In that time, wealthy people moved from what would become the East End to the new West End, professors from the university buildings in Tøyen, factory owners from Sagene, officials from Gamlebyen, people in the city gardens in Kvadraturen which became shop buildings etc. In the East End, the population became more homogenous than before: new immigrants from Eastern Norway and original citizens built the new worker class in the city of Kristiania together, affecting the growing industry, handwork, transport, and other areas.
Around 1880 the division between the East End and the West End was prominent but not complete. In this early stage, new apartments for wealthy people in areas such as Gamlebyen (Schweigaards gate)[7] were built, and it was attractive to settle down in Kvadraturen. The expansion of the city in the 1890s strengthened the division and the systematic boundary line. In 1910, the average income in Sofienberg was a tenth of that in Frogner.
Open communications made it possible to live further away from one's working place than before. Horse-driven trams were opened in Homansbyen and Gamlebyen in 1875 and in Grüneløkka in 1878, and electric trams were taken into use in 1894 and had new lines constructed for them. This affected the development of the new areas with socially and economically homogeneous population.[8]
The areas to the north of the city centre belong to the West End, but they became very early, and still are, reflected by the middle class, having many officials, high education, and few rich people. These areas include Meyerløkka, Gamle Aker, St. Hanshaugen, parts of Ila, Bolteløkka, Valleløkken, Fagerborg, Lindern and Adamstuen.[9] The villa suburbs of today's outer town grew up along the new railway, and had about 12,000 inhabitants in the early 20th century, in the west Lysaker, Skøyen, Bestum, in the east Bryn, which was the first in the city from the 1860s, Grorud, Bekkelaget, Nordstrand, Ljan - with mixed inhabitants, with no marked East End character.[10]
Some worker areas can be found in the West End:
The buildings were first and foremost rented apartment buildings in these districts, built one block at a time under the supervision of a building contractor, and are today called "murbyen".[12] The district structure was similar both in the East End and the West End, and the facades of the houses were made of stuccoed brickwork and the decorations were mostly similar. Gråbeingårdene in Tøyen without decorations and with visible tiles was a prominent exception and was criticised for poor-looking formation in order to house apartments - at that time, it was factory buildings, churches, fire stations and hospitals that had tile facades.
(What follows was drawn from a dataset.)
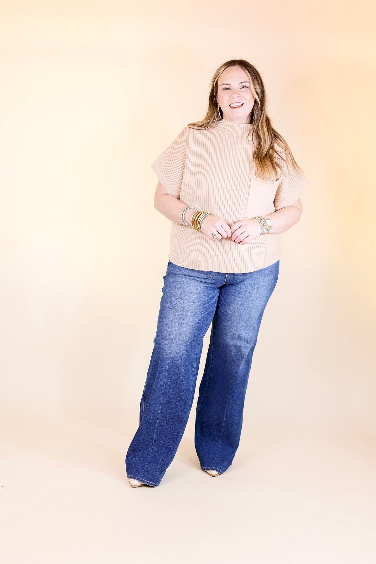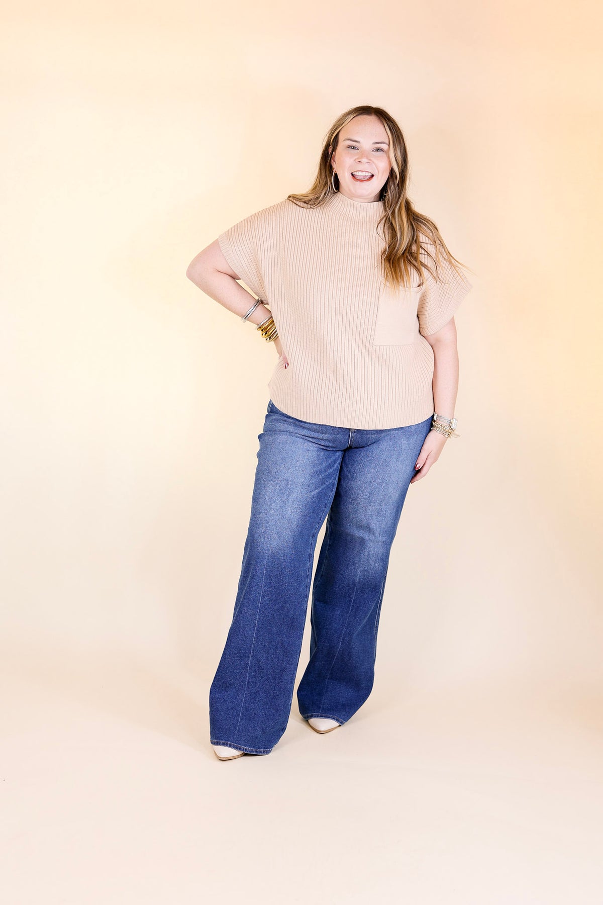 You'll look chic, cozy, and ready for any adventure in our City Sights Sweater Top! Featuring a mock neckline, a front pocket, and a cap sleeve, this timeless bone cream piece brings all-day comfort and style that lasts from dawn till dusk. Dare to explore the city in style!

There were however some important differences:
From around 1870, there was a communal drive to build parks in the city, and the city assembly (bystyret) willingly diverted resources to the East End, with the Kampen park being the finest and most used. In Grünerløkka, Olaf Ryes plass and Birkelunden became open squares in a well-kept area, and especially Birkelunden became an important place for political meetings in the following decades. Earlier in the same century, Selskabet for Oslo Byes Vel had built garden streets along Grønlandsleiret, Trondheimsveien and other streets, but these did not last.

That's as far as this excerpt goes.